Exact copies of all the entries are required, and no pictures should appear in them.
-.-.-
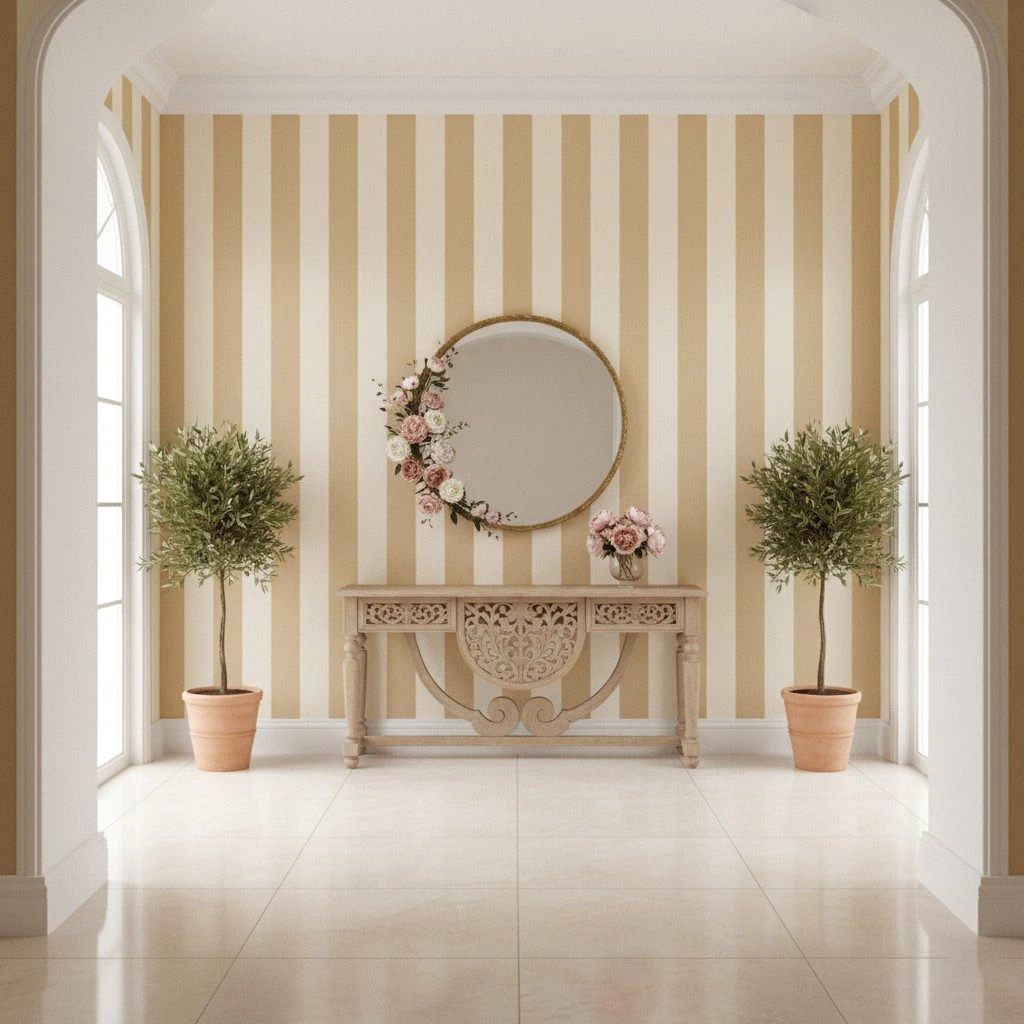 În tendințele de design interior din ultimii ani, dungile verticale au revenit în forță, fiind apreciate pentru capacitatea lor de a crea iluzia unor pereți mai înalți și a unor spații mai ample. Modelul Moutarde 104042235 de la Caselio se aliniază perfect acestui curent, propunând o alternanță echilibrată de dungi late, într-o nuanță caldă de galben muștar și un crem discret, ce amintește de textura inului natural.
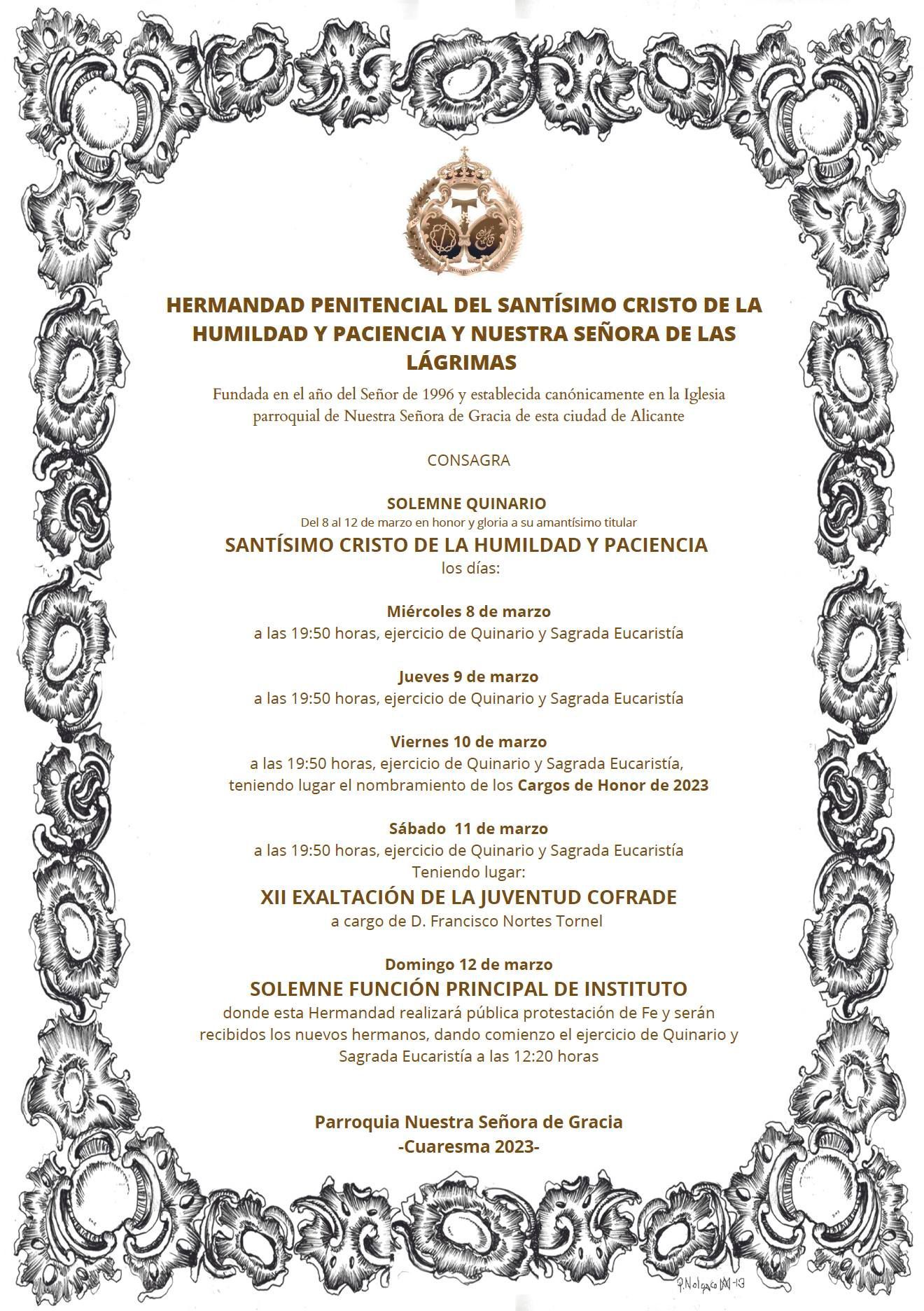 La Hermandad Penitencial del Santísimo Cristo de la Humildad y Paciencia y Nuestra Señora de las Lágrimas, consagra a su venerado Titular el Santísimo Cristo de la Humildad y Paciencia, en el Solemne Quinario del día 8 al 12 de marzo de 2023.
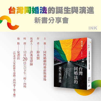 𝟏𝟐/𝟐𝟎 𝐒𝐚𝐭.【同性婚姻的幕前與幕後──《台灣同婚法的誕生與演進》新書分享會】
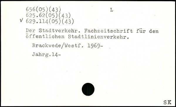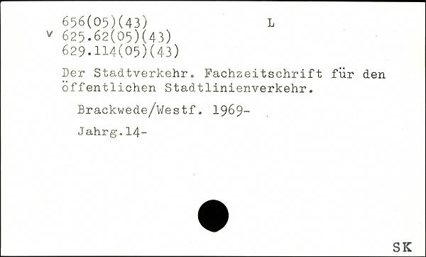 Der Stadtverkehr. Fachzeitschrift für den öffentlichen Stadtlinienverkehr. Brackwede/Westf. 1969- Jahrg.14-
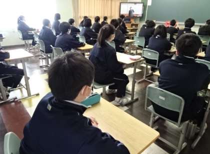 はじめに生徒会長から、先日生徒会役員が、企画・実施した「 ユニセフ募金 」への協力に対してのお礼と報告がありました。
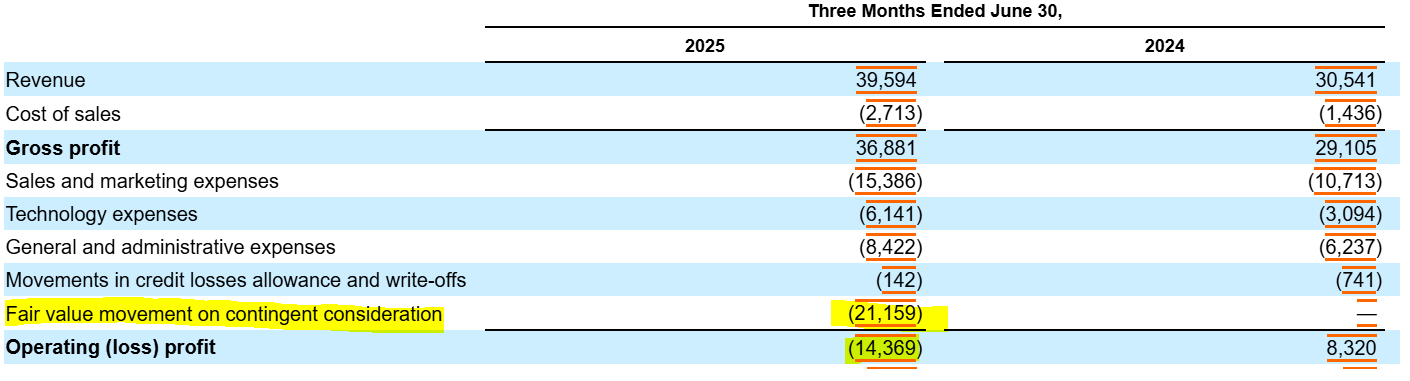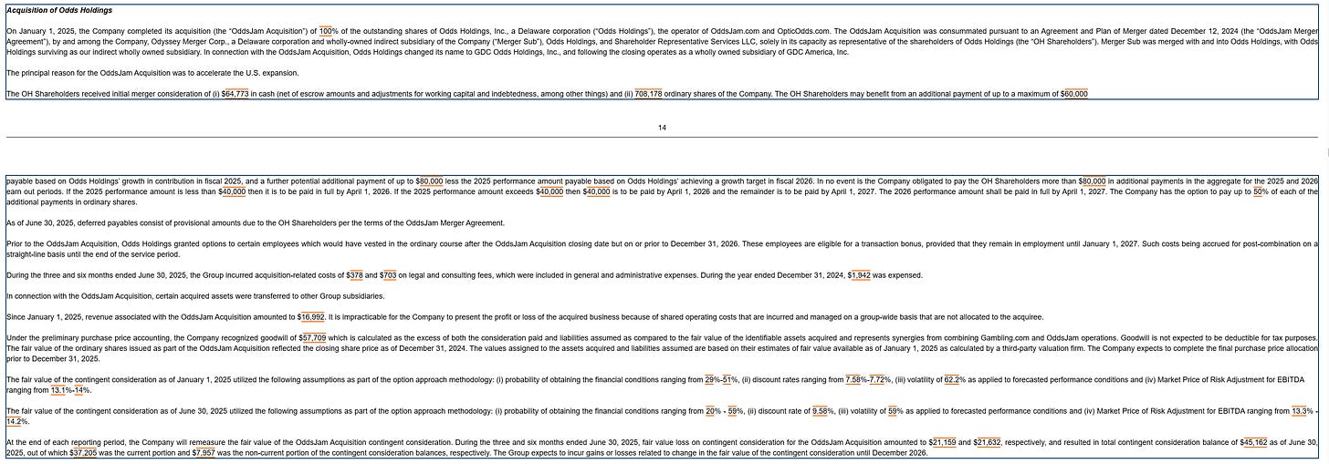 Il s'agit tout simplement des paiements additionnels liés à l'acquisition d'Odds, dont le montant dépend des performances financières de la société acquise. Plus ses résultats s'améliorent, plus la somme à payer augmente.
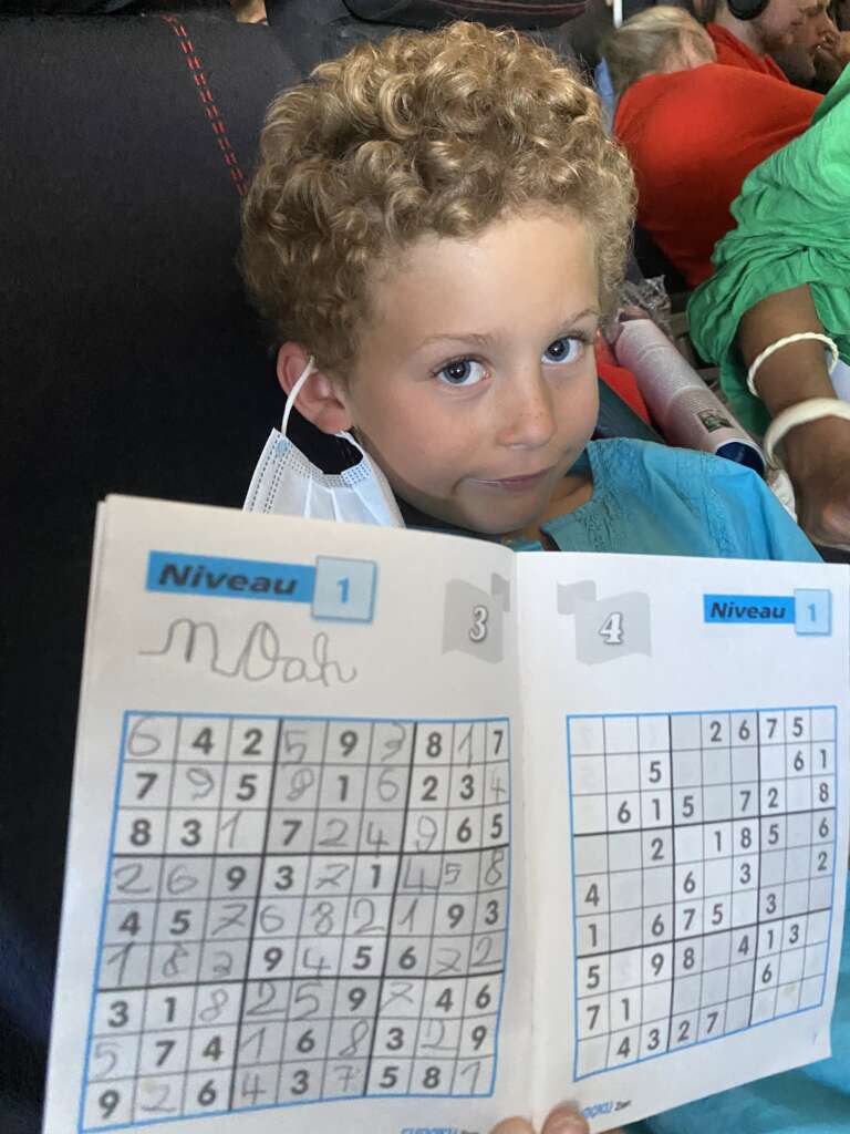 A noter : premier Sudoku adulte de Noah réalisé à 6 ans au-dessus du Pacifique. Il va pouvoir aider Virginie qui a elle beaucoup souffert sur sa grille.
-.-.-
EXERCISE RESPONSE>
 În tendințele de design interior din ultimii ani, dungile verticale au revenit în forță, fiind apreciate pentru capacitatea lor de a crea iluzia unor pereți mai înalți și a unor spații mai ample. Modelul Moutarde 104042235 de la Caselio se aliniază perfect acestui curent, propunând o alternanță echilibrată de dungi late, într-o nuanță caldă de galben muștar și un crem discret, ce amintește de textura inului natural.
 La Hermandad Penitencial del Santísimo Cristo de la Humildad y Paciencia y Nuestra Señora de las Lágrimas, consagra a su venerado Titular el Santísimo Cristo de la Humildad y Paciencia, en el Solemne Quinario del día 8 al 12 de marzo de 2023.
 𝟏𝟐/𝟐𝟎 𝐒𝐚𝐭.【同性婚姻的幕前與幕後──《台灣同婚法的誕生與演進》新書分享會】
 Der Stadtverkehr. Fachzeitschrift für den öffentlichen Stadtlinienverkehr. Brackwede/Westf. 1969- Jahrg.14-
 はじめに生徒会長から、先日生徒会役員が、企画・実施した「 ユニセフ募金 」への協力に対してのお礼と報告がありました。
 Il s'agit tout simplement des paiements additionnels liés à l'acquisition d'Odds, dont le montant dépend des performances financières de la société acquise. Plus ses résultats s'améliorent, plus la somme à payer augmente.
 A noter : premier Sudoku adulte de Noah réalisé à 6 ans au-dessus du Pacifique. Il va pouvoir aider Virginie qui a elle beaucoup souffert sur sa grille.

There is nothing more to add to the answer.